Any picture among the records should be left out, please; retype the rest exactly.

DATA TO EXAMINE Block Start

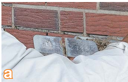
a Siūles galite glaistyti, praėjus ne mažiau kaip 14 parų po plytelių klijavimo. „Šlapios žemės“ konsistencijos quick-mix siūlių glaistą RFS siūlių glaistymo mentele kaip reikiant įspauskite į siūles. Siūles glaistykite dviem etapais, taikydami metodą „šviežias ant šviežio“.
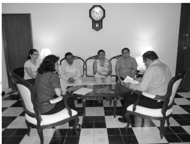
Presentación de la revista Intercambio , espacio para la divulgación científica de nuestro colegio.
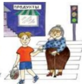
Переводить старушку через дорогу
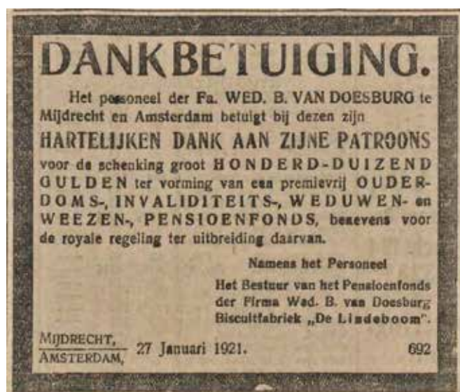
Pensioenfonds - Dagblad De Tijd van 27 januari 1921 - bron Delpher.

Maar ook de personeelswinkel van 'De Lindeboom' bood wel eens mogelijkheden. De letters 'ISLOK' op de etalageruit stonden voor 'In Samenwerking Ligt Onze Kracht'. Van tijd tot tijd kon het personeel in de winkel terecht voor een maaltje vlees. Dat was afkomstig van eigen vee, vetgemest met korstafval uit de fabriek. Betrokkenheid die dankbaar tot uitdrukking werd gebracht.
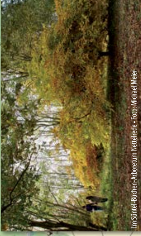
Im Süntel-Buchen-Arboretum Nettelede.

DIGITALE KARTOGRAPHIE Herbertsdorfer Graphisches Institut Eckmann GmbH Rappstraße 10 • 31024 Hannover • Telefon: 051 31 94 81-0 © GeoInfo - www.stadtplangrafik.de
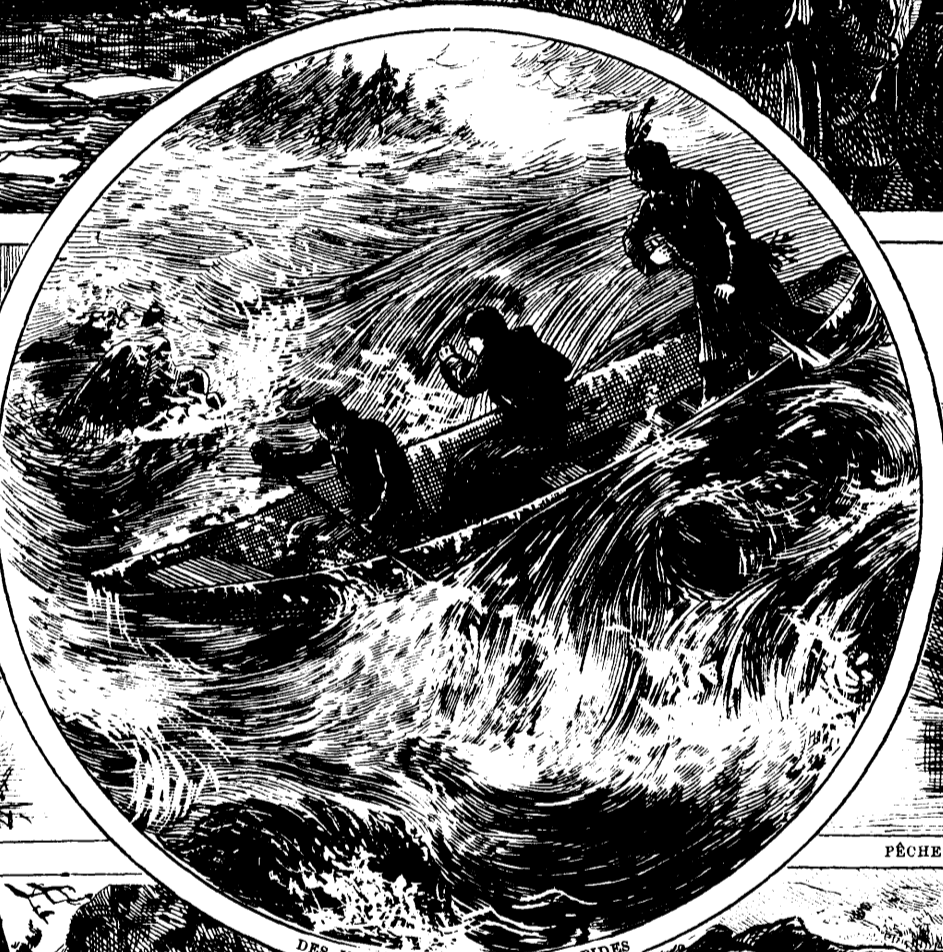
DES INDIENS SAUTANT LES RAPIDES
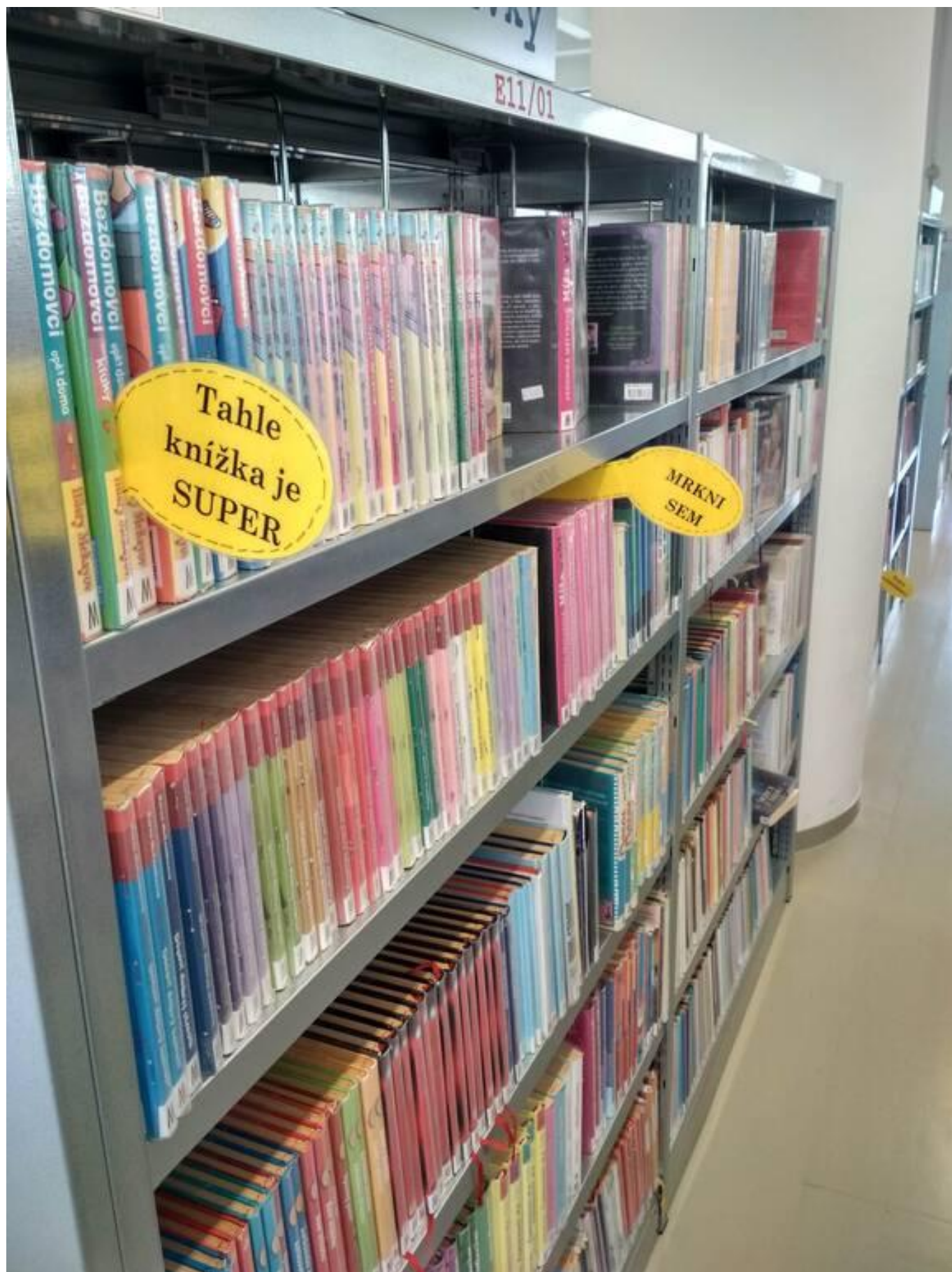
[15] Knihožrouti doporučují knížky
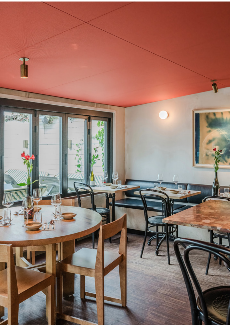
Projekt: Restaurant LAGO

DATA TO EXAMINE Block End

▶ _ANSWER BOX_
a Siūles galite glaistyti, praėjus ne mažiau kaip 14 parų po plytelių klijavimo. „Šlapios žemės“ konsistencijos quick-mix siūlių glaistą RFS siūlių glaistymo mentele kaip reikiant įspauskite į siūles. Siūles glaistykite dviem etapais, taikydami metodą „šviežias ant šviežio“.
Presentación de la revista Intercambio , espacio para la divulgación científica de nuestro colegio.
Переводить старушку через дорогу
Pensioenfonds - Dagblad De Tijd van 27 januari 1921 - bron Delpher.

Maar ook de personeelswinkel van 'De Lindeboom' bood wel eens mogelijkheden. De letters 'ISLOK' op de etalageruit stonden voor 'In Samenwerking Ligt Onze Kracht'. Van tijd tot tijd kon het personeel in de winkel terecht voor een maaltje vlees. Dat was afkomstig van eigen vee, vetgemest met korstafval uit de fabriek. Betrokkenheid die dankbaar tot uitdrukking werd gebracht.
Im Süntel-Buchen-Arboretum Nettelede.

DIGITALE KARTOGRAPHIE Herbertsdorfer Graphisches Institut Eckmann GmbH Rappstraße 10 • 31024 Hannover • Telefon: 051 31 94 81-0 © GeoInfo - www.stadtplangrafik.de
DES INDIENS SAUTANT LES RAPIDES
[15] Knihožrouti doporučují knížky
Projekt: Restaurant LAGO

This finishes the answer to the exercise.